História e Cultura

«O mais difícil não é ir à Arrábida, porque no Verão há carreiras de camionetas, no Inverno há em Azeitão táxis ou carroças ou jeriquinhos tão prestáveis  como os da Cacilhas de antigamente, e de Janeiro a Dezembro, para muita e muito boa gente, há duas pernas vigorosas e de boa vontade que fazem transpor a Serra pelo Vale do Picheleiro. Difícil, difícil, é entendê-la (...).»

Sebastião da Gama

 

A Serra da Arrábida

O invulgar monumento geológico que é a Serra da Arrábida, limitada pelo oceano Atlântico e pelos rios Sado e Tejo, encerra em si um património histórico, arqueológico, natural, cultural e até mágico-religioso digno de nota.

A palavra “Arrábida” é interpretada como uma derivação do termo árabe “al-râbita”, que significa “o que ata, vincula, reforça”, de que deriva por sua vez o termo “ribât”, significando estar atado, ocupar posições e estabelecer-se num lugar. Assim, as arrábidas, ou rábitas, eram pequenos mosteiros-fortaleza, ou conventos fortificados, habitados pelos morábitos (monges piedosos), que tinham uma função religiosa de retiro e aperfeiçoamento espiritual, ligada ao conceito de Jihad (Guerra Santa), associada à função de vigilância e defesa das fronteiras marítimas e terrestres do al-Andalus. Também serviam para alertar (ribât) – daqui a expressão “tocar a rebate”. No caso de ataque dos inimigos, os monges, além de lançar o alerta, deveriam integrar as forças de defesa. As arrábidas situavam-se em lugares estratégicos favorecidos pela geologia, distantes das cidades, tais como no alto das serras, elevações do terreno ou arribas costeiras.

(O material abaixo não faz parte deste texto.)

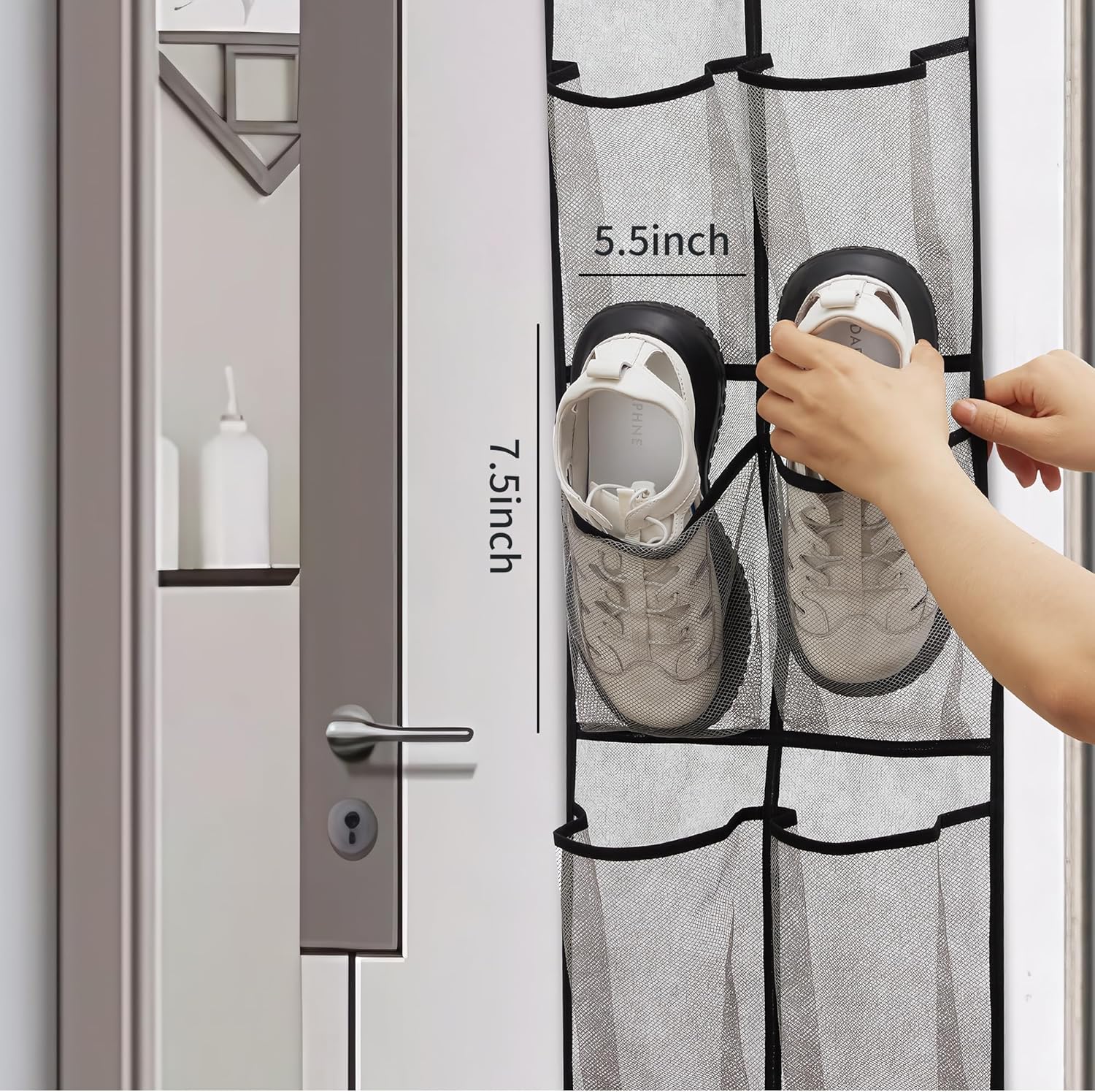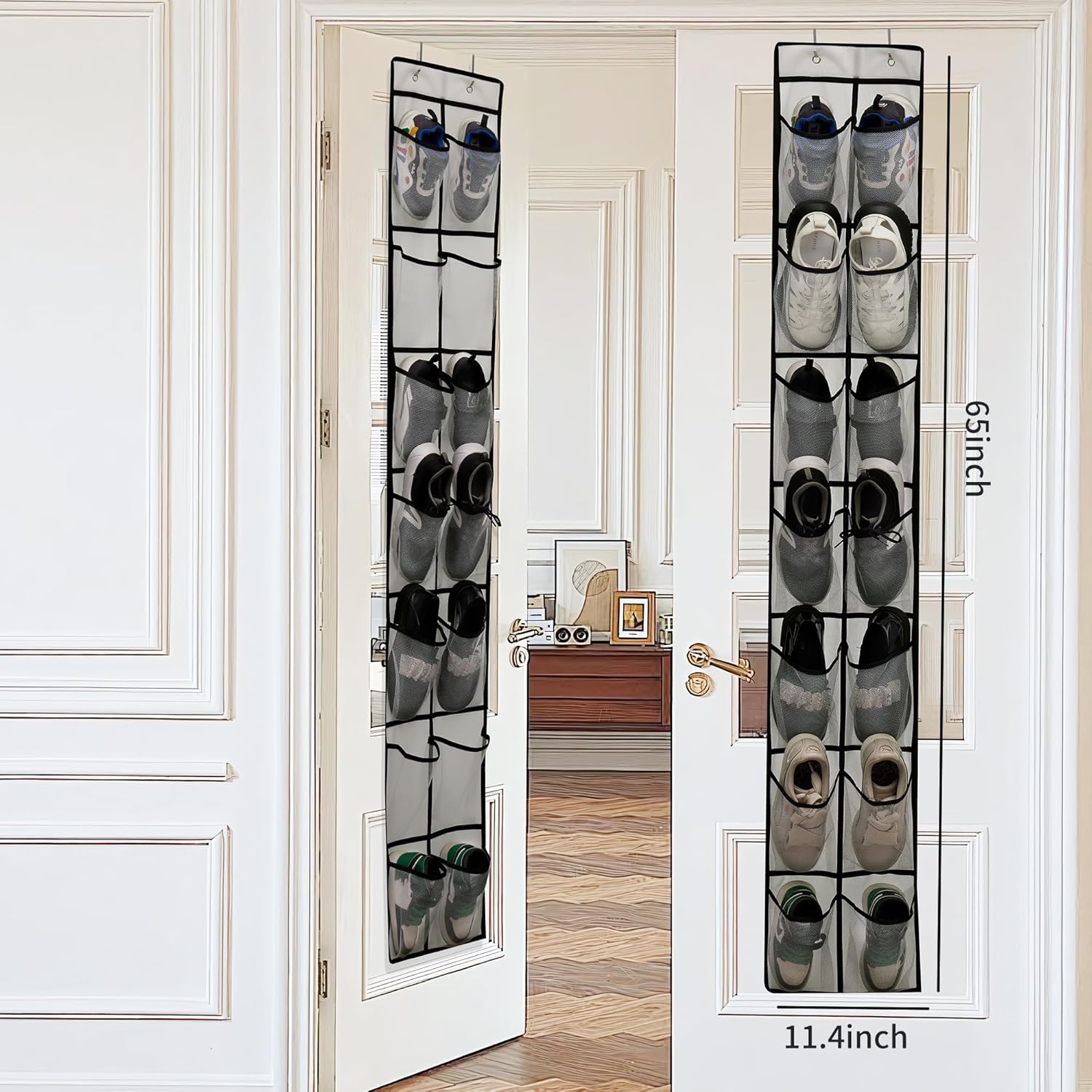 - OVER-DOOR SHOE ORGANIZERS WITH 28 POCKETS: Store 14 pairs of shoes, including womenโs heels, sneakers, or menโs size 13 footwear. Reinforced mesh pockets prevent sagging and keep items visible

No coração desta serra surge a enseada do Portinho da Arrábida, ocupado ininterruptamente desde a Pré-História até aos nossos dias, facto evidenciado nas suas grutas e abrigos – a Lapa de santa Margarida, a Gruta da Figueira Brava, a Gruta do Médico e a Fenda. São recantos abertos pela ação natural no ventre da Terra, e constituíram os primeiros refúgios, lugares de culto aos mortos e de retiro espiritual. Outros locais identificados com esta função são as Grutas Artificiais da Quinta do Anjo (Palmela), monumento funerário do Calcolítico; da Idade do Bronze, outro monumento funerário em Sesimbra, na Roça do casal do Meio; na alcaria do Alto da Queimada (Palmela), foi recentemente identificada uma mesquita do séc. X – XI.

Após a Reconquista, a Serra da Arrábida torna-se lugar sagrado para os Cristãos, de onde vem a lenda da Nª Senhora da Arrábida. Nesta região, a presença de várias capelas e ermidas de raiz católica, como a Capela da Escudeira, a Capela de S. Luís o Velho, a Capela do Alto da Nª senhora das necessidades, denotam os vários cultos e tradições presentes, todos eles com festividades próprias, fundamentais para a sobrevivência das tradições e das vivências locais.

Sebastião da Gama, amante da Arrábida, escreve que (…)”a religiosidade… dá à Arrábida elevação e sentido. (…) Mas é fora de dúvida que o visitante, se não o apreendeu, saiu da Arrábida sem querer ter entrado nela verdadeiramente!”